## PROVIDED MATERIAL:
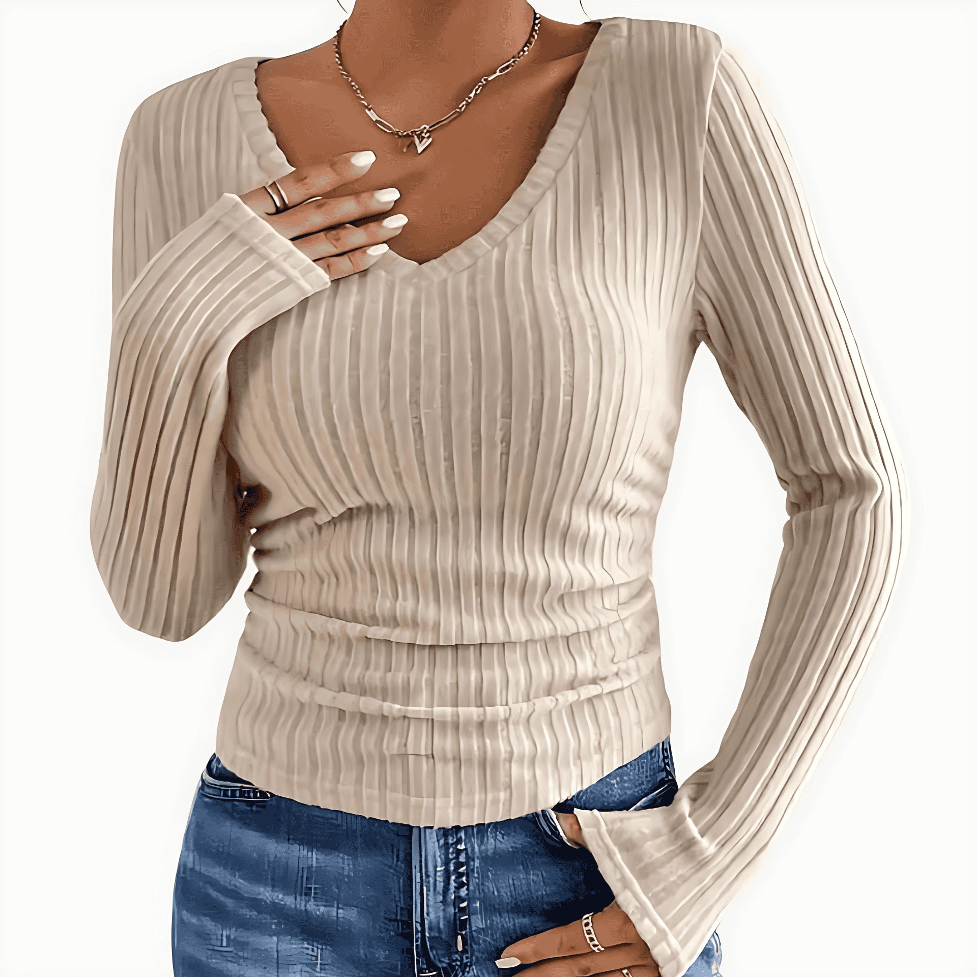 Donna - Top a maniche lunghe a coste - Vestibilità sottile
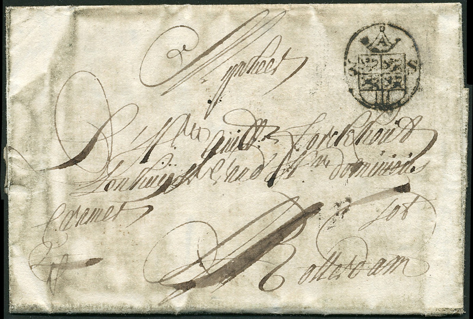 Prachtige afdruk 3-Stuiverstempel (PEP 10510-01) op iets smoezelige, cpl. vouwbrief van Amsterdam 19-6-1691 naar Rotterdam
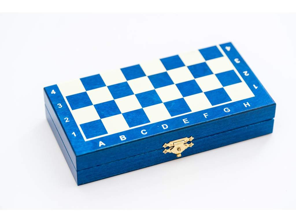 Magnetické dřevěné šachy mini modré + doprava zdarma
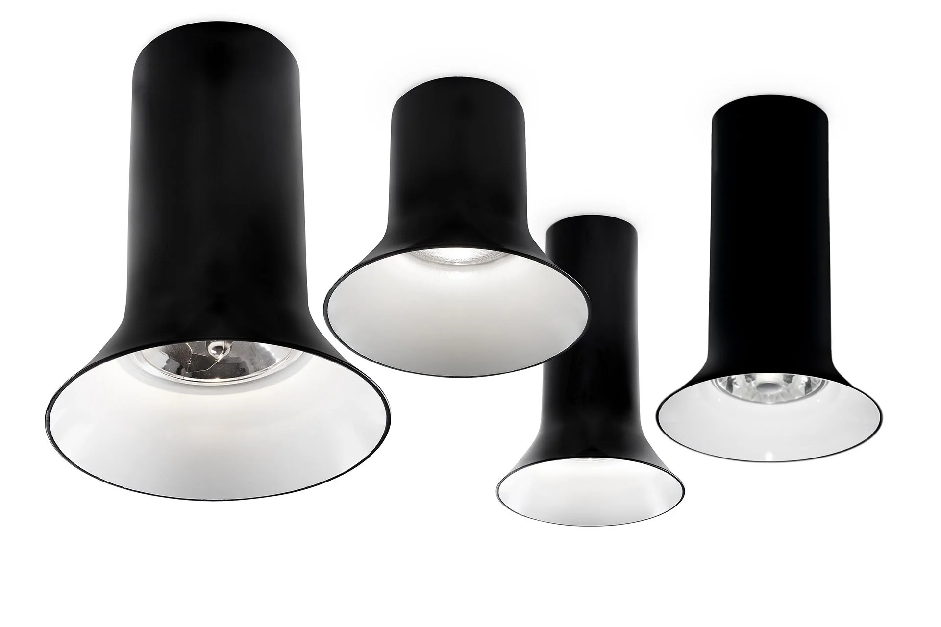 Lamps from the SAX family represent an alternative to all surface-mounted downlighters. Its 26 different variations cover the entire spectrum of lighting-design requirements. The choice of different light sources means that this model also has a wide range of applications. Following the latest trends in energy savings, it offers a choice of 5 different light sources with 7 different variations. From 12V or 230V spots for mood lighting to fluorescent lamps for general lighting.

## WHAT THE EXERCISE ASKS:
Once the line with "Magnetické dřevěné šachy" is found, write out that line and every later line of the listing above exactly, through the last one, and skip any pictures.

## COMPLETED TASK:
 Magnetické dřevěné šachy mini modré + doprava zdarma
 Lamps from the SAX family represent an alternative to all surface-mounted downlighters. Its 26 different variations cover the entire spectrum of lighting-design requirements. The choice of different light sources means that this model also has a wide range of applications. Following the latest trends in energy savings, it offers a choice of 5 different light sources with 7 different variations. From 12V or 230V spots for mood lighting to fluorescent lamps for general lighting.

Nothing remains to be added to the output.